= Input =

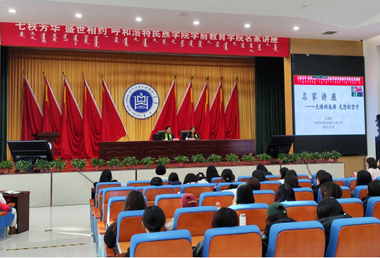 为引导学前教育学院师生铸牢中华民族共同体意识,提高学生的专业认同感,12月7日下午,米乐官网邀请全国民族团结进步模范个人、呼和浩特蒙古族第二幼儿园园长吴海棠,在学术报告厅开展“无悔的选择,无怨的坚守”主题讲座,讲座以线上线下结合的方式进行,学前教育学院书记娜仁其木格,副院长其其格,副院长朱乌英嘎以及学院全体师生参加了本次讲座,讲座由其其格主持。
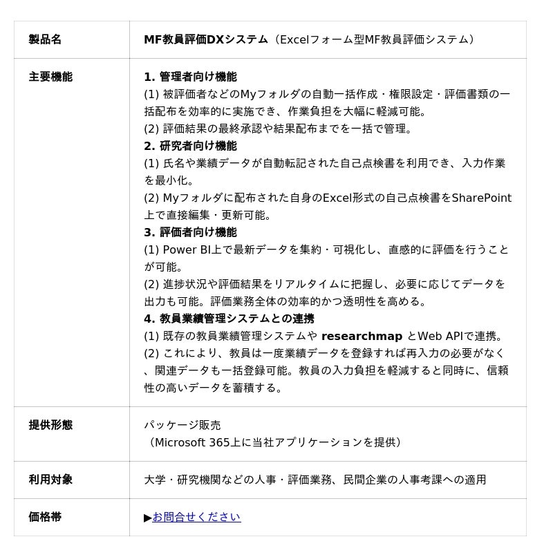 Microsoft 365で構築した業務システムの典型例として「MF教員評価DXシステム」をご紹介します。製品の詳細は以下をご覧ください。
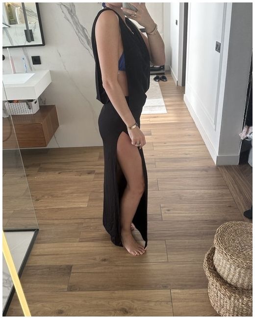 Made from polyester in a classic black colour, the dress features a cowl neck neckline and a pullover closure for ease of wear.
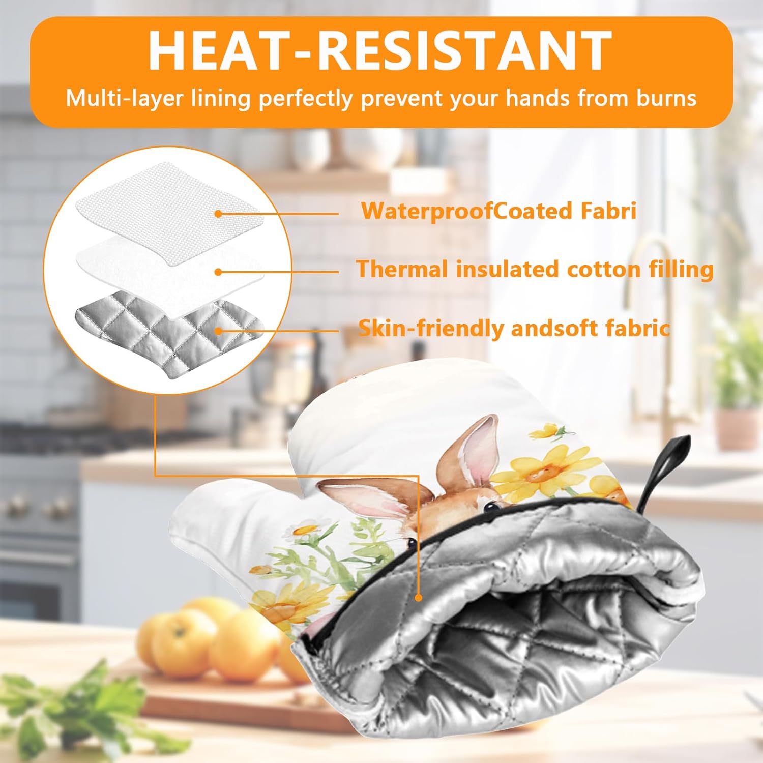 Easter Rabbits Oven Mitts and Pot Holders Sets 4Pcs,Extra Long Oven Gloves Potholder for Kitchen Cooking Baking BBQ 100% Cotton Heat Resistant
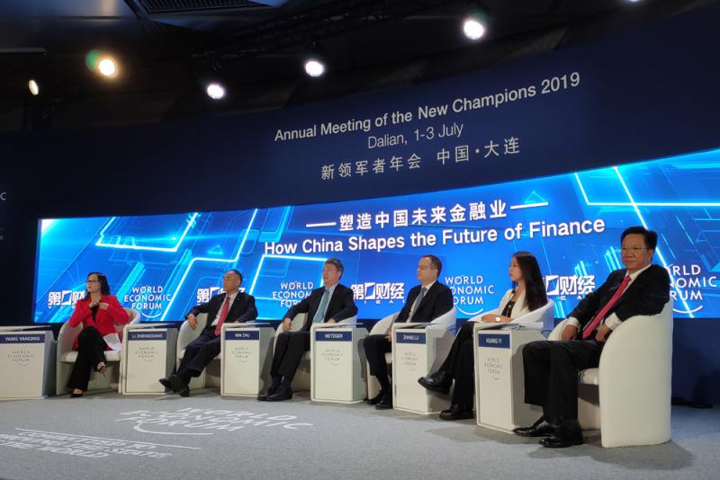 图:2019世界经济论坛新领军者年会1日在辽宁大连启幕。与会嘉宾在“塑造中国未来金融业”分论坛上围绕中美贸易摩擦下的金融市场展开分析研讨\大公报记者宋伟摄
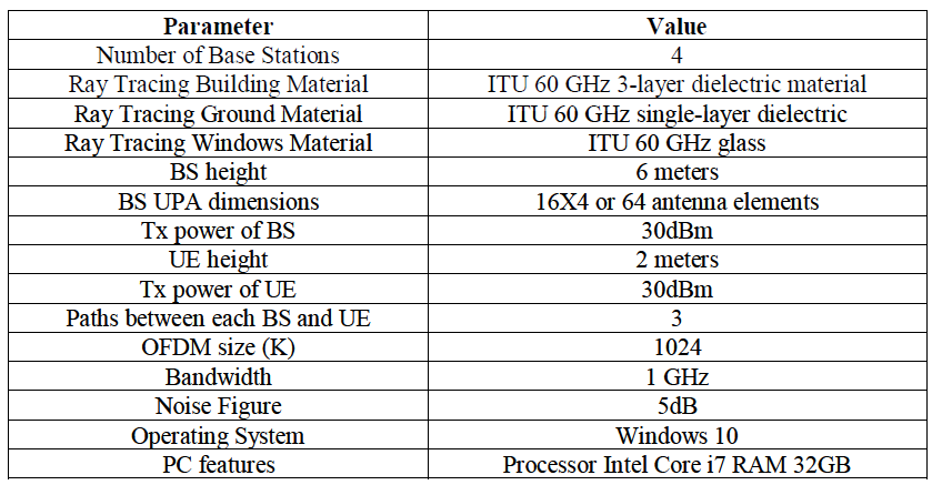 The dataset used in this paper is collected using the DeepMIMO [6] tool available online with the features explained below. The number of base stations can be selected from a list of 18 base stations available in the original simulation environment [6]. In our experiments, we selected only (4) of these base stations named (BS1, BS2, BS3, and BS4) distributed as in fig 2 and fixed on lamp posts. The distance between BS1 and BS3 equals the distance between BS2 and BS4 and equals 100m. The distance between BS1 and BS2 (across the street) equals to the distance between BS3 and BS4 and equals to 40m. Each BS has a height of 6m from the ground level [6]. Each BS is assumed to have a uniform planar array (UPA) of antennas that are facing the street. The grid of expected user locations starts from row number R550 and ends with the row number R1100 with each row having 181 users. The total number of expected users’ locations in a uniform grid that is being collected for the full fingerprint is (99731) location. Each user location will be collected by 4 BSs with each having 16X4 MIMO antenna arrays. Also, for each user, 3 paths of the signal between the user and each BS is collected (LoS and the strongest 2 NLos or 3 NLoS if there is blockage of the LoS path). First, the dataset is collected using MATLAB according to the simulation parameters listed above and in table 1 and the steps in [3]. After generating the dataset that will represent the inputs and outputs of the deep learning model, we use python to build, train, and test the deep learning model with different settings as we will see in the next section. To achieve that, we need Python 3.6 or later with Keras and Tensorflow libraries support. Finally, we used MATLAB again to process the deep learning outputs and generate the performance results and figures listed in the next section. More details about the simulation process are listed in the DeepMIMO official website [18].

= Exercise aim =
Take the material above from the line containing "Made from polyester" up to and including the line containing "图:2019世界经济论坛新领" and retype it exactly, without any pictures.

= Result =
 Made from polyester in a classic black colour, the dress features a cowl neck neckline and a pullover closure for ease of wear.
 Easter Rabbits Oven Mitts and Pot Holders Sets 4Pcs,Extra Long Oven Gloves Potholder for Kitchen Cooking Baking BBQ 100% Cotton Heat Resistant
 图:2019世界经济论坛新领军者年会1日在辽宁大连启幕。与会嘉宾在“塑造中国未来金融业”分论坛上围绕中美贸易摩擦下的金融市场展开分析研讨\大公报记者宋伟摄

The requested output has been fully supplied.